Please repeat exactly the lines below from the line with "A colourful retro" to the line with "You just submitted", including both, and leave out every picture.

* **RECORDS FOR THE TASK**:
= = =

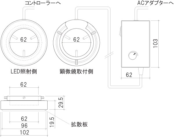 ・LEDの玉が投影され観察像に影響しないよう拡散板も標準装備し、十分に明るく違和感のない観察像が得られます。
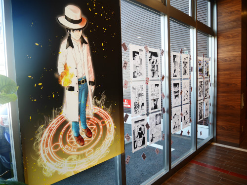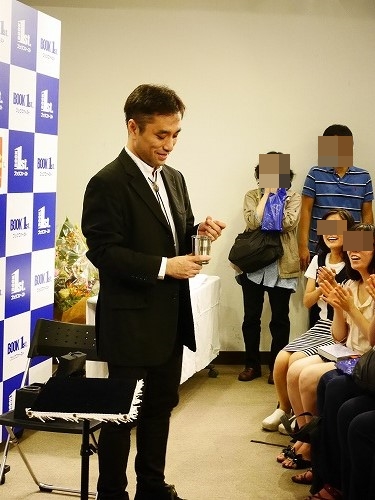 (記事が長くなりましたので、それぞれに飛べるようにしました。→サイン会(2) サイン会(3)) 来てくださった方々、暑い中ご足労頂きどうもありがとうございました。 (とはいっても、前日までの猛暑日よりはだいぶ楽な日だったので、本当によかったです) こんな記者会見場のようなイベントスペースがわざわざあってびっくりしましたよ! さすが大きい書店さんです、アイドルさんの書店イベントなどもやりますからね。ブックファースト新宿店さんさすがです。 お花もいただきました!山中ヒコ先生、KさんSさんありがとうございます! 2時からの開催でしたので、このお部屋に整理券を持っている皆さん2時に入場していただきました。 皆様に楽しんでいただくため、手順を計画しておりましたが…なんといってもサプライズは、 マジックです! マジシャンのpsyka(サイカ)さんです。(twitter @akysp) 控室で撮ったのでライティングが暗くてすみません! 実はpsykaさんは、9巻の裏カジノについての取材でお世話になった方なのです。 9巻の「マジックは生き方だから」というのはpsykaさんが言ってくださった言葉を使いました。 その取材時にマジックを見せていただいたり…とかは全然なかったのですが、
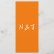 A colourful retro funky modern bright orange wedding dinner menu. Which features chic template design of boho vintage bright orange background and white typography and hand written menu in white. And hand drawn champagne glasses . With monogram in the back. Perfect and matching with the whole suite.
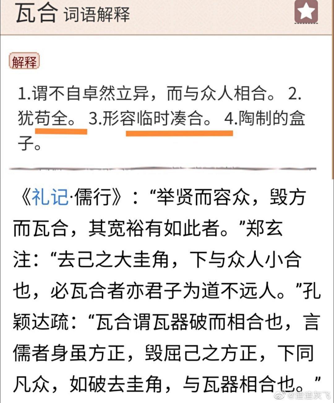 《辞源》释瓦合为“瓦器破而相合”,释瓦解为“瓦片碎裂”,义同“瓦裂”,皆以瓦器为喻,这是不妥的。
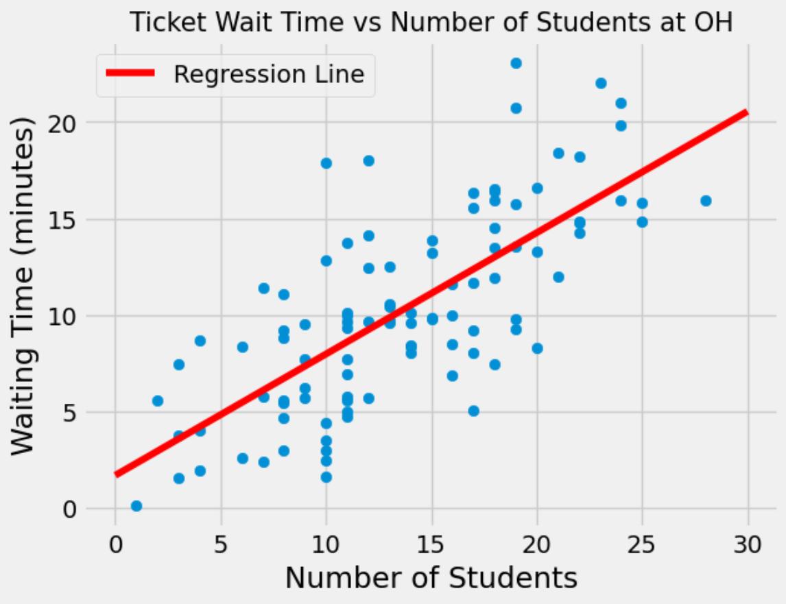 You just submitted a ticket at Office Hours and would like to know how long it will take to receive help. However, you don’t believe the estimated wait time displayed on the queue to be very accurate, so you decide to make your own predictions based on the total number of students present at OH when you submitted your ticket. You obtain data for 100 wait times and plot them below, also fitting a regression line to the data.
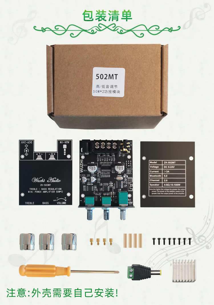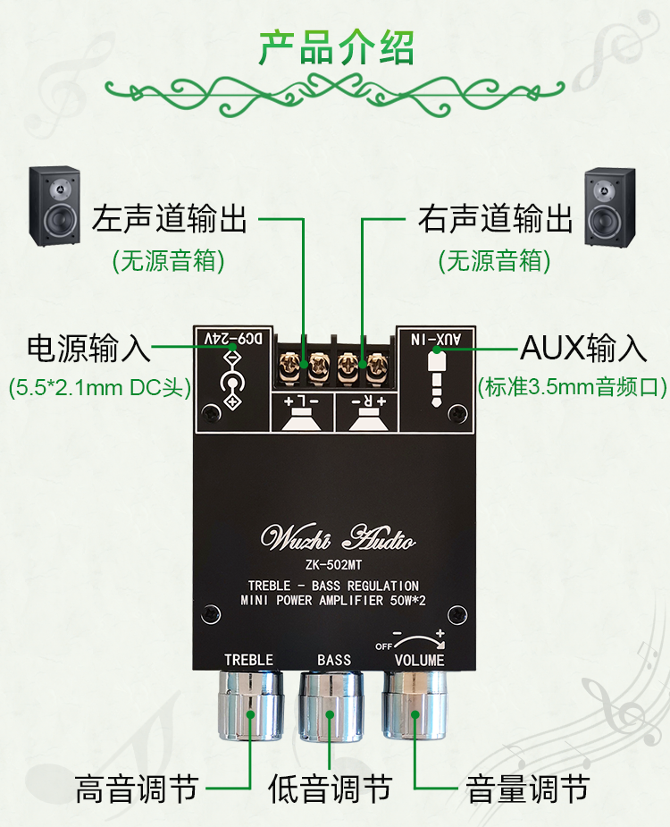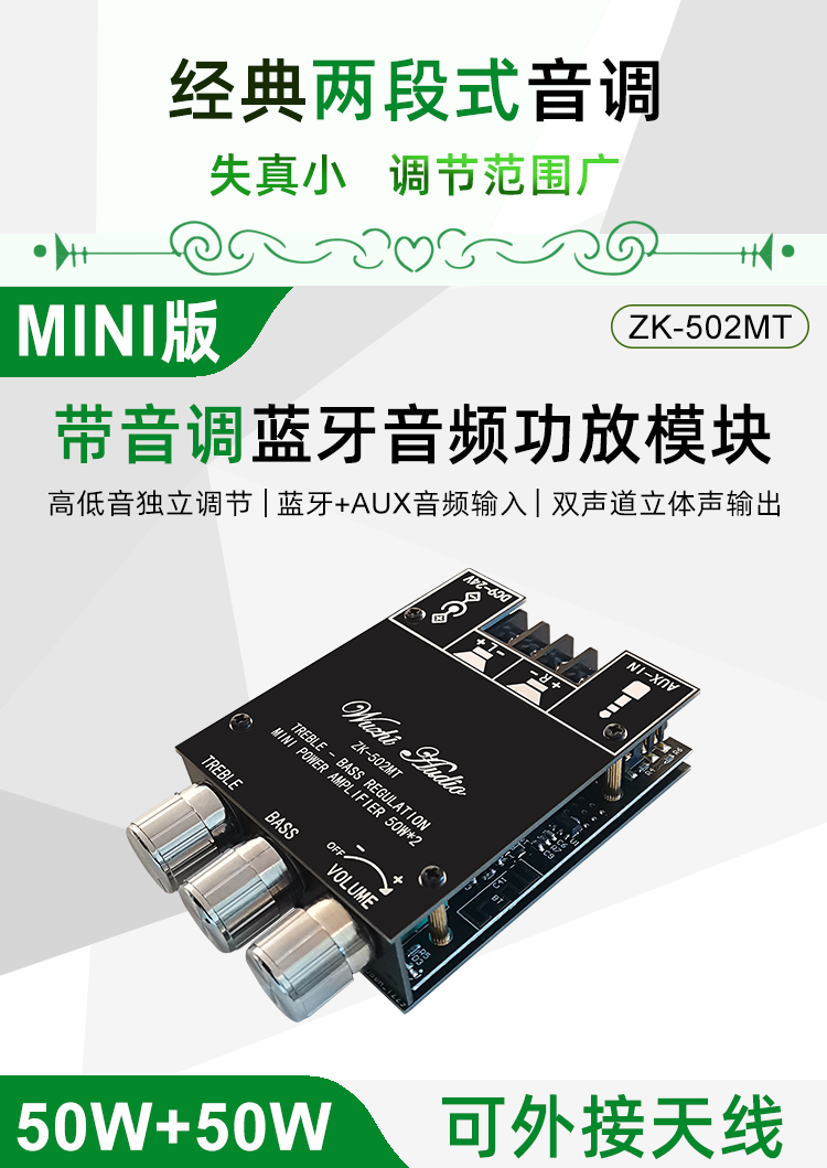 ZK-502MT 2.0 stereo Bluetooth audio digital HIFI amplifier board module 50W * 2 bass adjustment

= = =

* **WRITTEN ANSWER**:
 A colourful retro funky modern bright orange wedding dinner menu. Which features chic template design of boho vintage bright orange background and white typography and hand written menu in white. And hand drawn champagne glasses . With monogram in the back. Perfect and matching with the whole suite.
 《辞源》释瓦合为“瓦器破而相合”,释瓦解为“瓦片碎裂”,义同“瓦裂”,皆以瓦器为喻,这是不妥的。
 You just submitted a ticket at Office Hours and would like to know how long it will take to receive help. However, you don’t believe the estimated wait time displayed on the queue to be very accurate, so you decide to make your own predictions based on the total number of students present at OH when you submitted your ticket. You obtain data for 100 wait times and plot them below, also fitting a regression line to the data.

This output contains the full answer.